To do: Write again exactly the lines in the listing below, starting at the line with "Roze Blauw Schattigee" and ending at the line with "Women Retro Winter", both included. Pictures are not copied.

Supplied data:
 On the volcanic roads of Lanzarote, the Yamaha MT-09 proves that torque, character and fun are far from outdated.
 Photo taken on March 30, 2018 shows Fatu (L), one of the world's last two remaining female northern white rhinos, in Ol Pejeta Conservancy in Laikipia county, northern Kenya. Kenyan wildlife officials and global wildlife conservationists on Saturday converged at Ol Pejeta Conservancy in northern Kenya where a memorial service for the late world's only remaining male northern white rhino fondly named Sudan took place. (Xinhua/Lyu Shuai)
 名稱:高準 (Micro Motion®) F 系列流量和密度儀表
==
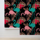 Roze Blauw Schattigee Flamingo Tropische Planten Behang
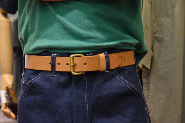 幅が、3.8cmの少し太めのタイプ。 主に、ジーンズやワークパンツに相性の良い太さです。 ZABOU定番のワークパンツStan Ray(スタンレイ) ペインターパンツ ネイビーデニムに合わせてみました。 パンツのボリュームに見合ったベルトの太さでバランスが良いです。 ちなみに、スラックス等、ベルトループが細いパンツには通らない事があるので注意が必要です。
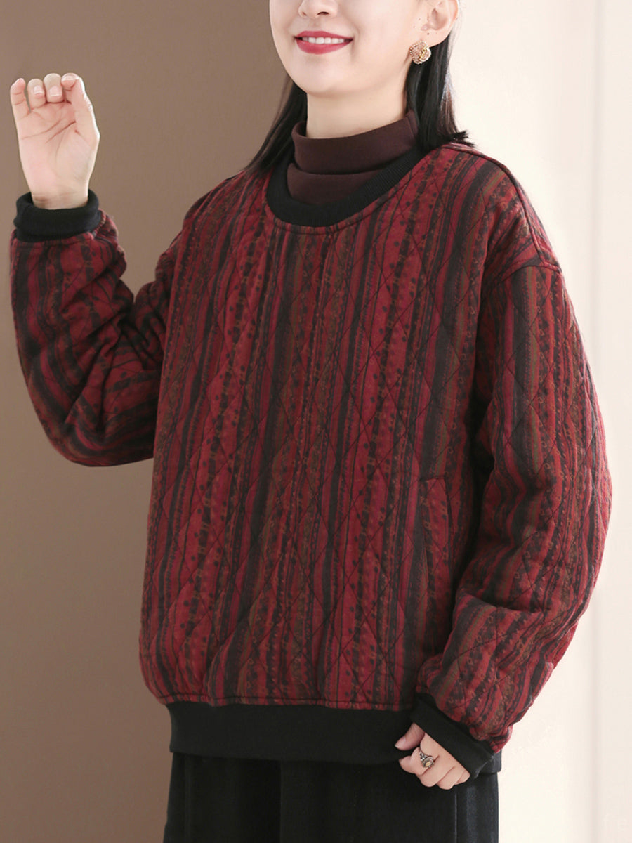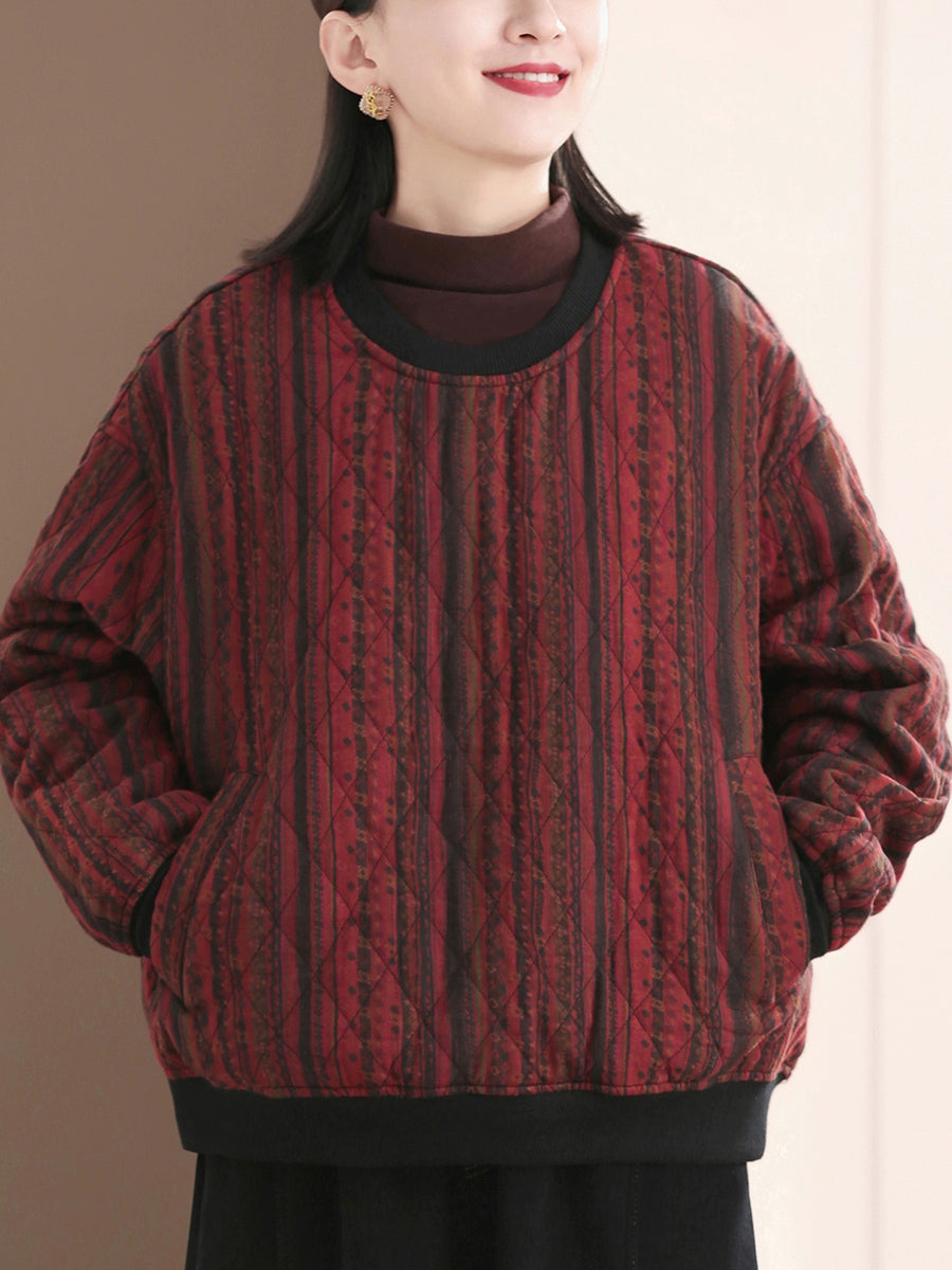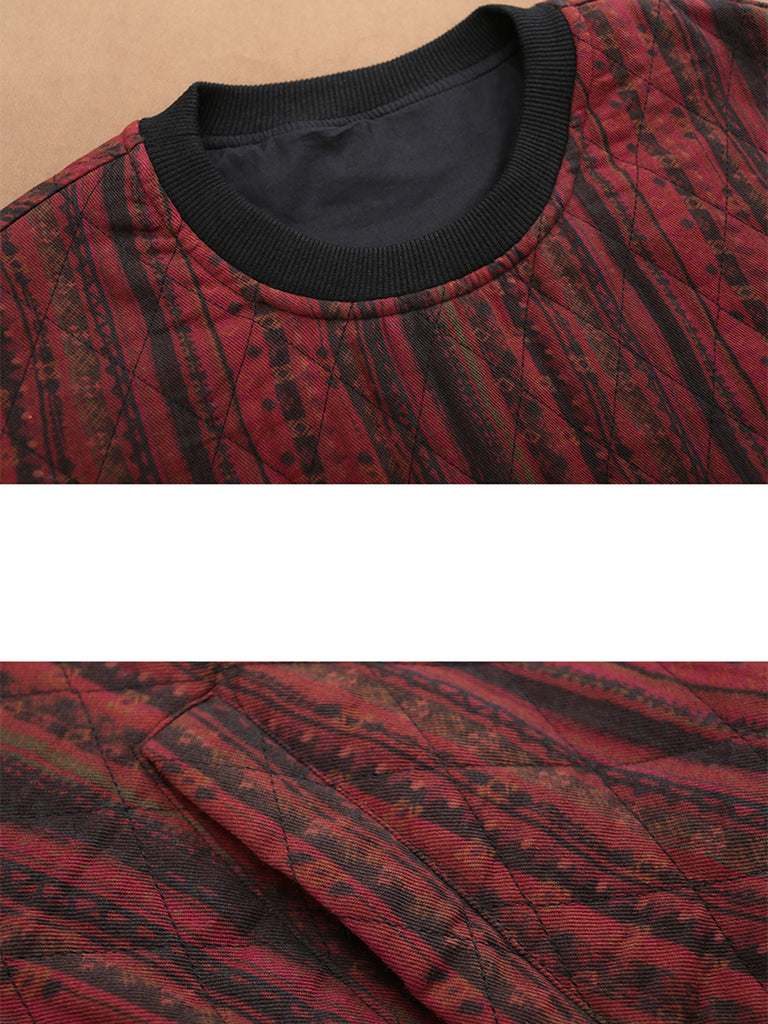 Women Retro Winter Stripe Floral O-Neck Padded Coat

Finished task:
 Roze Blauw Schattigee Flamingo Tropische Planten Behang
 幅が、3.8cmの少し太めのタイプ。 主に、ジーンズやワークパンツに相性の良い太さです。 ZABOU定番のワークパンツStan Ray(スタンレイ) ペインターパンツ ネイビーデニムに合わせてみました。 パンツのボリュームに見合ったベルトの太さでバランスが良いです。 ちなみに、スラックス等、ベルトループが細いパンツには通らない事があるので注意が必要です。
 Women Retro Winter Stripe Floral O-Neck Padded Coat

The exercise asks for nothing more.